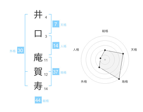 井口 庵賀寿さんを姓名の画数から五運を鑑定
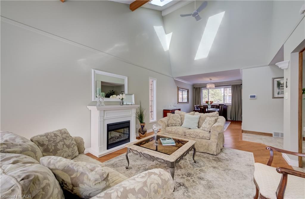 Welcome to this custom built home based on a Viceroy model. This design balances open concept living with defined spaces. Double wide interlock driveway with double car garage for lots of parking. The skylight and vaulted ceiling in the living area allows natural light to pour in. Wood beams, fireplace, and hardwood floors make this a stunning living room. The open concept living and dining spaces are great for entertaining. Harwood flooring runs throughout this area. Recently updated, the kitchen has beautiful quartz counters, lots of cabinets, a pantry and appliance garage. Pull up a stool at the breakfast bar or enjoy your coffee looking at the view through the floor to ceiling windows. Outside among the established, stunning landscaping there is a high-quality shed for extra storage. Dine in the fully enclosed gazebo with the included table and chairs. The pathways wind through the gardens. There's also a main floor family room with a walkout to the patio. The main floor laundry and a bath complete the main floor. This large home features a primary with double closets and a full ensuite bath. Brand new vanity with double sinks in the main bath. Cozy rec room with oak accent wall and ceiling along with a fireplace for those cold winter nights. The adjacent space offers options such as a workout, play or games area. Need lots of storage? Not an issue in this large home. An unexpected bonus is the finished garage with epoxy floor and built in cabinets, perfect for car enthusiasts or for a workroom. Carefully considered details throughout the home make it practical as well as beautiful. Don’t miss your opportunity to live in this family friendly neighbourhood, close to walking trails, schools and amenities. Furnace 2019, Air conditioning 2018, roof 2007(35 year shingles), siding repainted in 2025, water softener 2025. All appliances included.
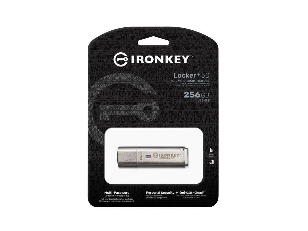 USB flash disky Kingston IronKey Locker+ 50 poskytují zabezpečení na spotřebitelské úrovni s hardwarovým šifrováním AES v režimu XTS včetně zabezpečení proti BadUSB s digitálně podepsaným firmwarem a zabezpečení proti útokům hrubou silou. Řada LP50 je také kompatibilní s TAA. Řada LP50 nyní podporuje volbu více hesel (správce a uživatele) s režimy složitého přístupového hesla nebo fráze. Režim složitého hesla umožňuje tvorbu hesel v délce 6–16 znaků s využitím 3 ze 4 znakových sad. Režim přístupového hesla fráze umožňuje využití číselného kódu PIN, věty, seznamu slov nebo zapamatovatelného citátu v délce 10 až 64 znaků. Správce může povolit heslo uživatele nebo resetovat heslo uživatele pro obnovení přístupu k datům. Pro usnadnění zadávání hesla lze aktivovat symbol „oka“, který odkryje zadávané heslo, čímž se omezí překlepy vedoucí k neúspěšným pokusům o přihlášení. Ochrana proti útokům hrubou silou zablokuje uživatele po 10 neplatných heslech zadaných v řadě a šifrovaně vymaže disk, pokud je heslo správce zadáno nesprávně 10× za sebou. Vestavěná virtuální klávesnice navíc chrání hesla před keyloggery nebo screenloggery. USB flash disk Locker+ 50 je navržen pro maximální komfort s malým kovovým pouzdrem a vestavěným očkem pro kroužek na klíče, abyste si mohli vzít data kamkoli. Řada LP50 nabízí rovněž volitelné zálohování USBtoCloud (poskytované ClevX®) pro přístup k datům na disku z vašeho osobního cloudového úložiště prostřednictvím služeb Google Drive™, OneDrive (Microsoft®), Amazon Cloud Drive, Dropbox™ a Box. USB flash disky LP50 je schopen každý snadno nastavit a používat – není nutné instalovat žádnou aplikaci, veškerý potřebný software a zabezpečení jsou již přítomny na disku. Disky pracují v operačních systémech Windows® i macOS®, takže mohou uživatelé přistupovat k datům z více systémů.Šifrování: Hardwarové XTS-AES pro ochranu dat s automatickým USBtoCloud® zálohováním
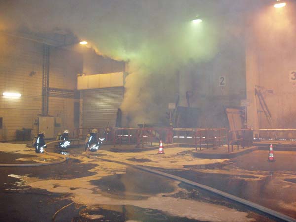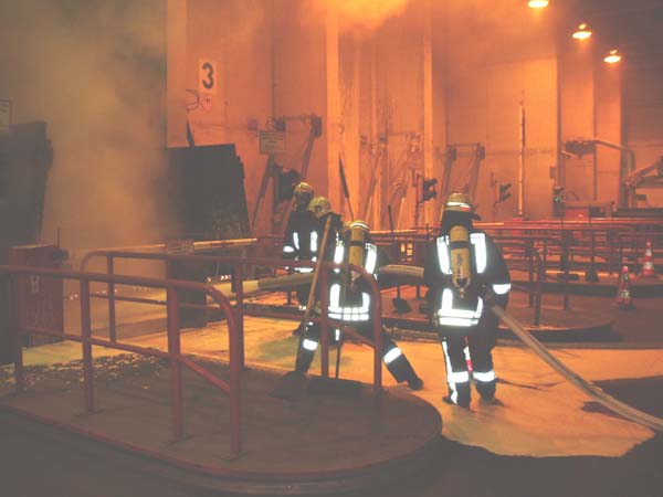 Das Feuer war im Bereich von 2 Einschüttluken ausgebrochen. Unter PA wurden 2 S8-Schwerschaumrohre und ein B-Rohr eingesetzt. Es waren mehrere Verpuffungen aus dem Müllbunker zu hören. Das Schaummittel wurde vom AB Sonderlösch entnommen. Die DLK Besatzung unterstütze den Aufbau der Leitungen. Anschließend besetzte die DLK Letmathe mit der LG 11(Stadtmitte) die Feuerwache BF.
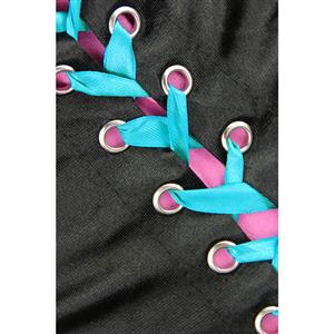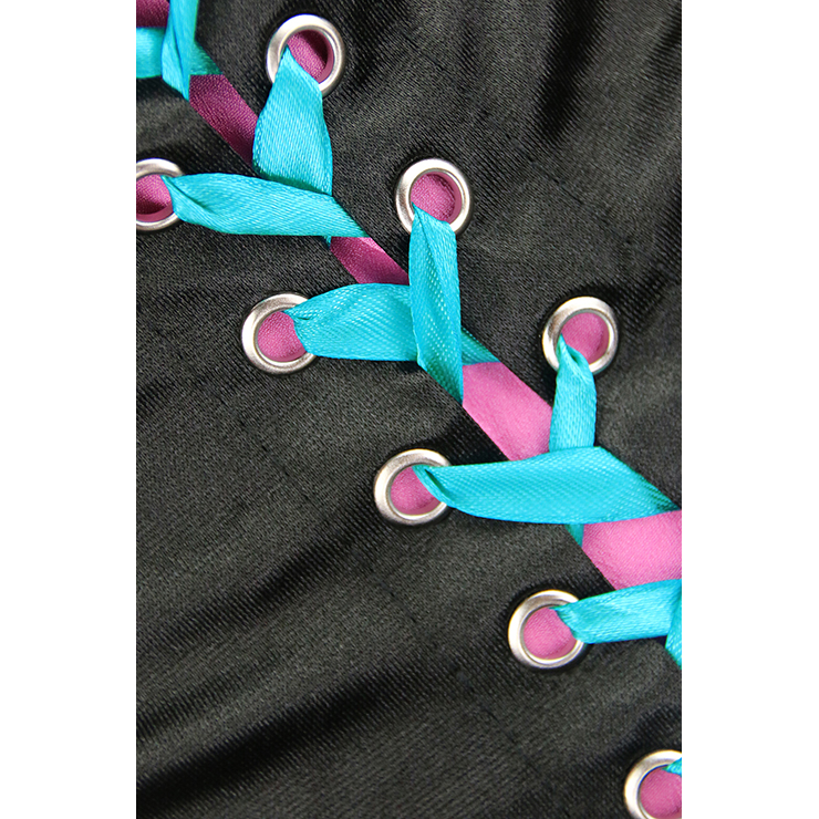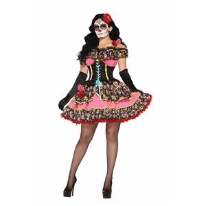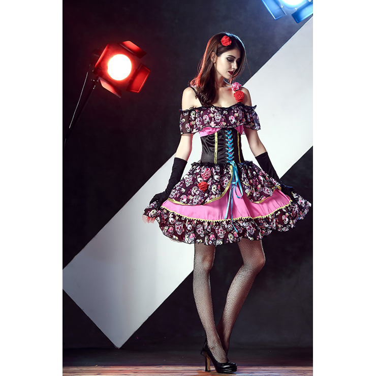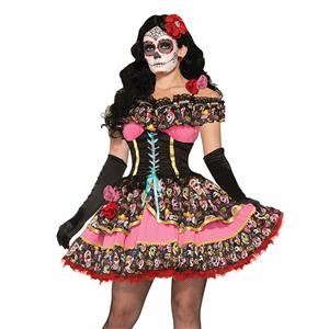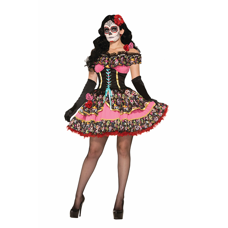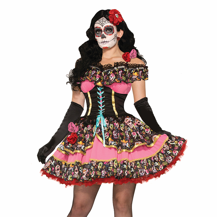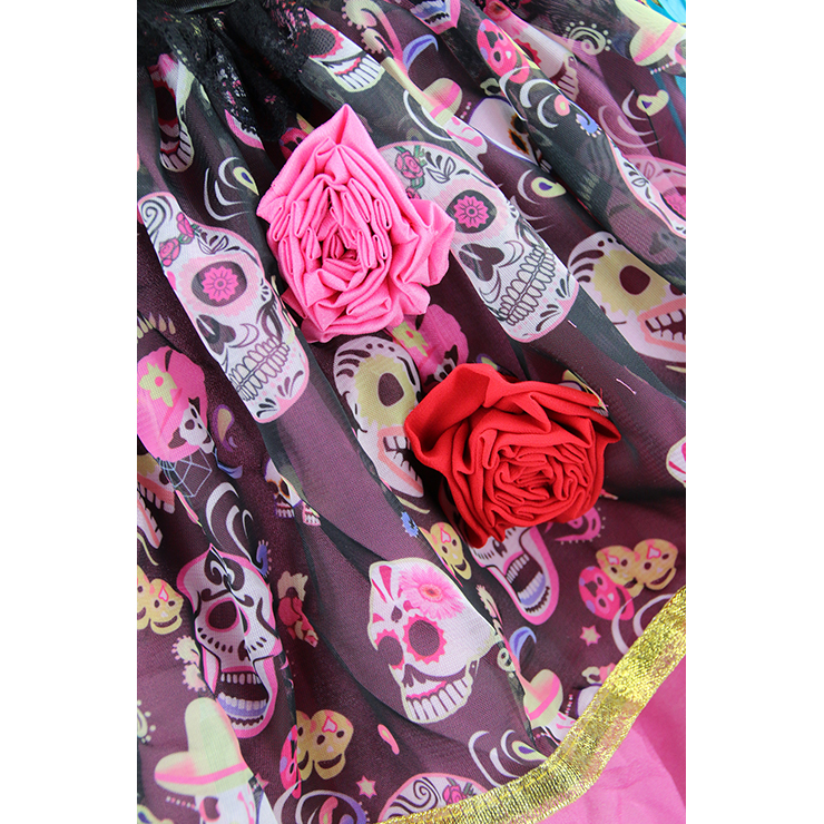 This Day of Death Costume features: skull print black sheer lace across the bodice and overlay on the pink skrit,adorned with beautiful rose on the shoulder strap and the skirt, blue ribbon lacing-up details at front,These Day of the Dead costumes for women are absolutely fabulous for wearing to your Halloween celebrations.Matching a pair of gloves.
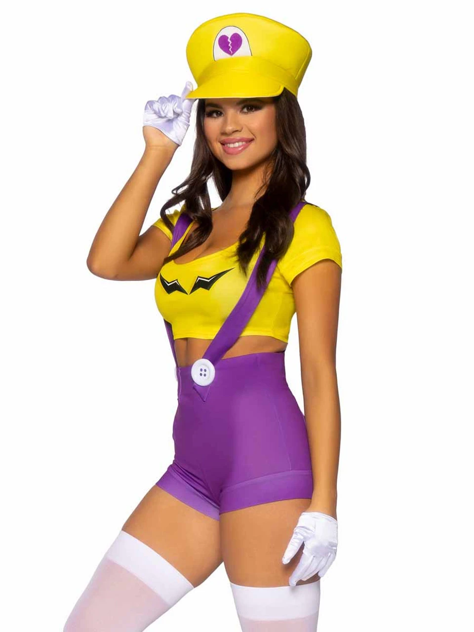 3 PC Gamer Villain, includes character crop top, suspender shorts with icon accents, and hat.
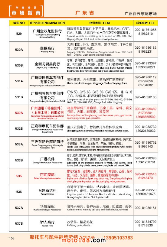 內(nèi)166 廣州市白云摩配市場(chǎng)商戶
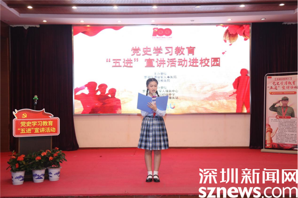 紅星宣講隊(duì)兩位老兵氣勢恢宏的敘事、真實(shí)生動(dòng)的情節(jié)、鮮活感人的故事讓同學(xué)們的心靈深受震撼。同學(xué)們也被革命先烈頑強(qiáng)戰(zhàn)斗、英勇無畏的精神深深打動(dòng)。 活動(dòng)現(xiàn)場,羅湖區(qū)翠園初級(jí)中學(xué)合唱團(tuán)獻(xiàn)上一首軍旅歌曲《我愛祖國的藍(lán)天》,引來了陣陣掌聲。學(xué)子們唱出了新時(shí)代少年的精氣神,也表達(dá)了“擁軍愛國跟黨走”的堅(jiān)定信念。
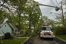 NYSE&G lineman clearing a downed tree off a power line after the May 2018 Northeast derecho in Walden, New York
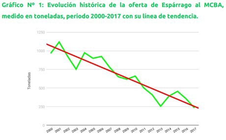 Im Jahr 2017 betrug das Angebot an Spargeln auf dem Zentralmarkt von Buenos Aires 234 Tonnen, 34,5% weniger als im Vorjahr. Wie man der folgenden Grafik entnehmen kann, befindet sich das Angebot im Laufe der Jahre in einem rückläufigen Trend. Die Monate mit den größten verfügbaren Mengen waren September, Oktober und November. Die Menge dieser Monate macht zusammen 85% des Gesamtangebots im Jahr 2017 aus. Diese Information wurde im Newsletter Boletín de Frutas y Hortalizas /Convenio INTA-CMCBA numero 85 veröffentlicht.
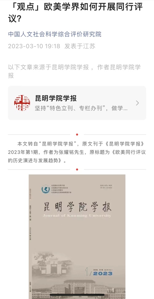 3月11日,刊发于《beat365官方网站学报》2023年第1期,由《新华文摘》原总编张耀铭撰写的《欧美同行评议的历史演进与发展趋势》一文,经《beat365官方网站学报》微信公众号推送后,被“中国人文社会科学综合评价研究院”微信公众号全文转载。
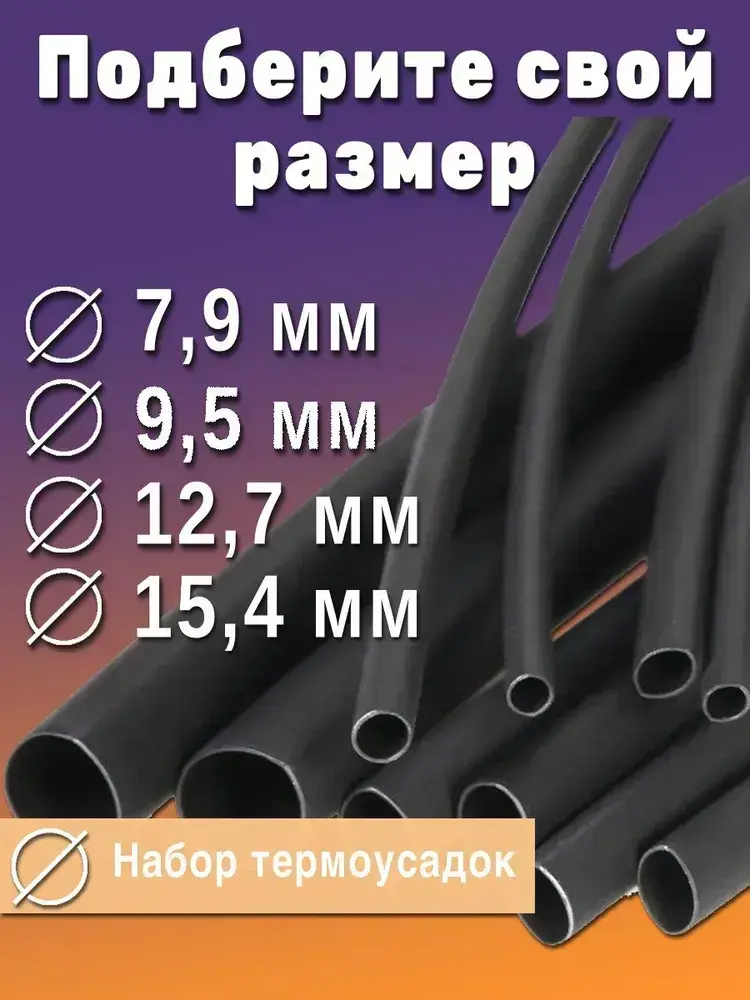 Термоусадка с клеевым слоем набор из 4 штуки черный по 100см БОЛЬШИЕ
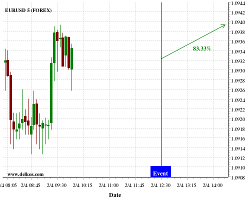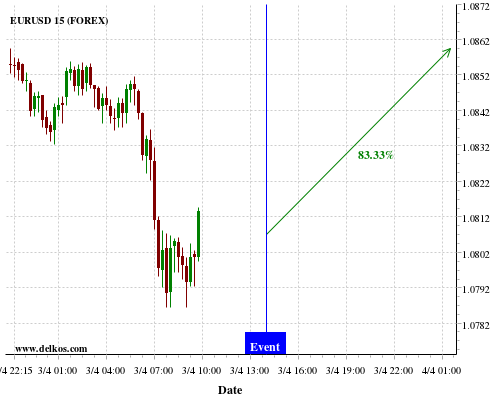 DELKOS 04/03 02:00 PM GMT将公布US ISM Non-Manufacturing PMI的数据如果小于专家预期,EURUSD有83.33%的可能性将上涨。
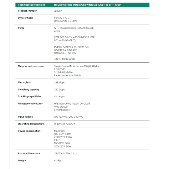 HPE Networking Instant On Switch 12p 10GBT 4p SFP+ 1960 (JL805A)
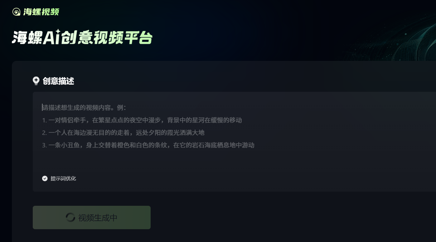 首先,让我们看看视频生成大模型。你只需输入一些简单的创意描述词,这款工具就能在短短几分钟内为你生成高分辨率、高帧率的原生视频
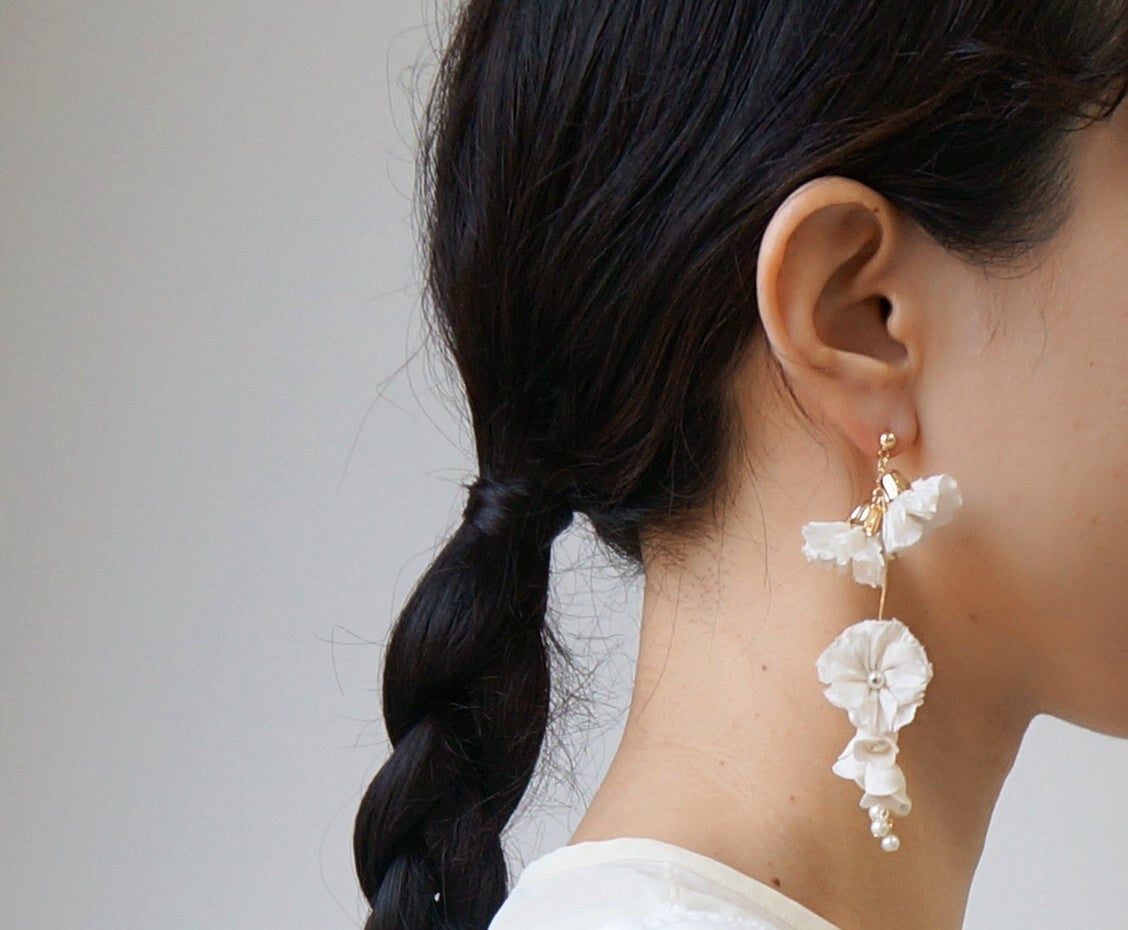 アパレルデザイナーが手がける、手染め布を使ったアクセサリー。ボタニカルで印象的なデザインはコーディネートのアイキャッチにぴったり。
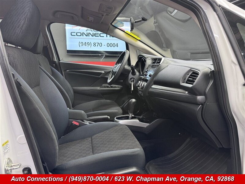 2015 Honda Fit LX — 1.5L I4, 130 hp, 114 lb-ft of torque. Factory-standard equipment includes the fuel-efficient i-VTEC engine with a 5-speed manual or available CVT automatic transmission; Honda Magic Seat with multiple cargo and seating configurations; multi-angle rearview camera; Bluetooth HandsFreeLink and audio streaming; USB/AUX inputs and AM/FM/CD audio; air conditioning, power windows and door locks with remote keyless entry; and a full safety package with ABS, Vehicle Stability Assist (VSA), traction control and multiple airbags. Below 75,000 miles (averaging under 7,000 miles per year). Excellent overall condition with a clean CARFAX.
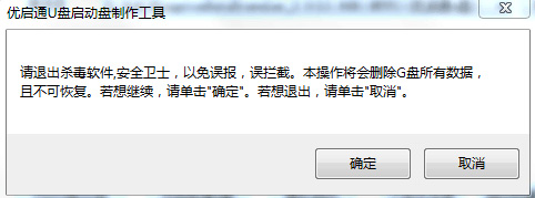 第二步:弹出警告窗口告知会删除U盘所有数据,请先确认是否备份好U盘数据,确认完成后即可点击“确定”:
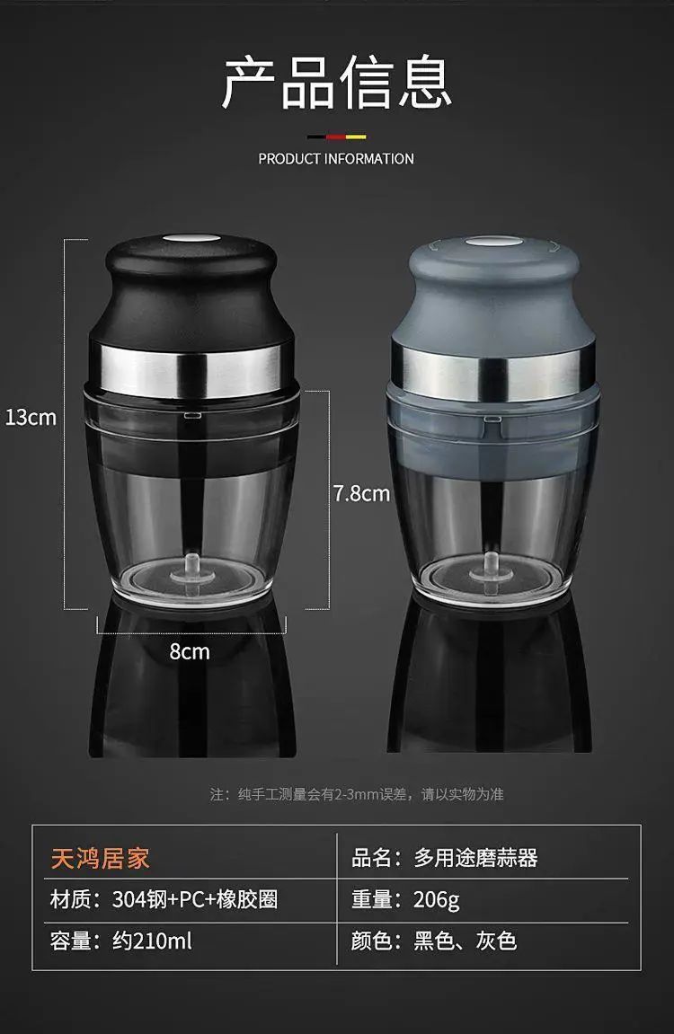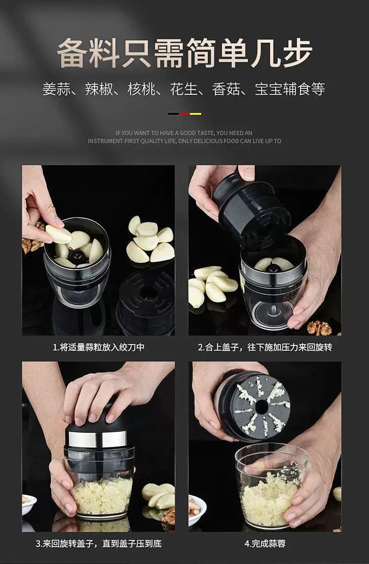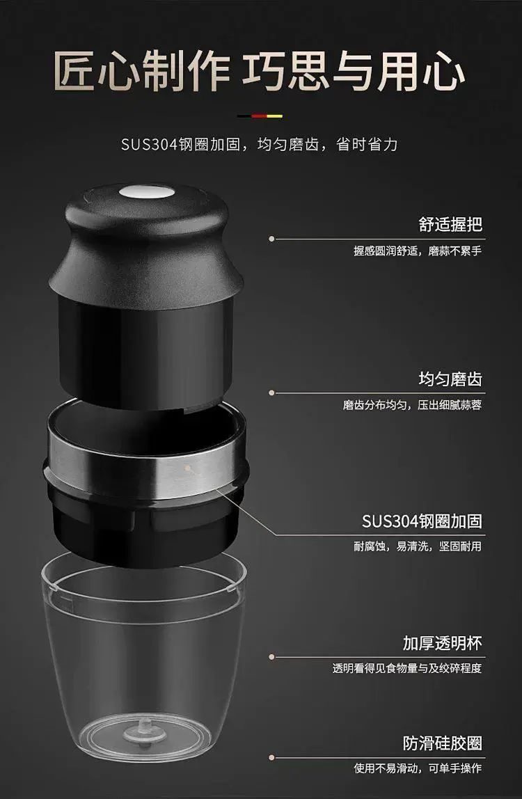 | Description | 家用按压式蒜蓉器捣蒜机儿童辅食器姜蓉蒜泥器迷你打蒜器绞肉蒜器;;颜色分类:黑色 |
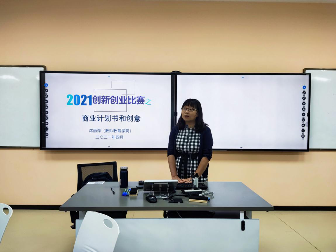 2021年4月8日下午19:00,教师教育学院副书记沈丽萍在12教103智慧教室作“2021创新创业比赛之商业计划书和创意”专题讲座,吸引了我院及商学院近130余名师生前来听讲。

※

* **Aim of the exercise**
Output only the stretch above from the line with "This Day of" through the line with "Термоусадка с клеевым", reproduced exactly. Exclude pictures.

* **Response area**
 This Day of Death Costume features: skull print black sheer lace across the bodice and overlay on the pink skrit,adorned with beautiful rose on the shoulder strap and the skirt, blue ribbon lacing-up details at front,These Day of the Dead costumes for women are absolutely fabulous for wearing to your Halloween celebrations.Matching a pair of gloves.
 3 PC Gamer Villain, includes character crop top, suspender shorts with icon accents, and hat.
 內(nèi)166 廣州市白云摩配市場(chǎng)商戶
 紅星宣講隊(duì)兩位老兵氣勢恢宏的敘事、真實(shí)生動(dòng)的情節(jié)、鮮活感人的故事讓同學(xué)們的心靈深受震撼。同學(xué)們也被革命先烈頑強(qiáng)戰(zhàn)斗、英勇無畏的精神深深打動(dòng)。 活動(dòng)現(xiàn)場,羅湖區(qū)翠園初級(jí)中學(xué)合唱團(tuán)獻(xiàn)上一首軍旅歌曲《我愛祖國的藍(lán)天》,引來了陣陣掌聲。學(xué)子們唱出了新時(shí)代少年的精氣神,也表達(dá)了“擁軍愛國跟黨走”的堅(jiān)定信念。
 NYSE&G lineman clearing a downed tree off a power line after the May 2018 Northeast derecho in Walden, New York
 Im Jahr 2017 betrug das Angebot an Spargeln auf dem Zentralmarkt von Buenos Aires 234 Tonnen, 34,5% weniger als im Vorjahr. Wie man der folgenden Grafik entnehmen kann, befindet sich das Angebot im Laufe der Jahre in einem rückläufigen Trend. Die Monate mit den größten verfügbaren Mengen waren September, Oktober und November. Die Menge dieser Monate macht zusammen 85% des Gesamtangebots im Jahr 2017 aus. Diese Information wurde im Newsletter Boletín de Frutas y Hortalizas /Convenio INTA-CMCBA numero 85 veröffentlicht.
 3月11日,刊发于《beat365官方网站学报》2023年第1期,由《新华文摘》原总编张耀铭撰写的《欧美同行评议的历史演进与发展趋势》一文,经《beat365官方网站学报》微信公众号推送后,被“中国人文社会科学综合评价研究院”微信公众号全文转载。
 Термоусадка с клеевым слоем набор из 4 штуки черный по 100см БОЛЬШИЕ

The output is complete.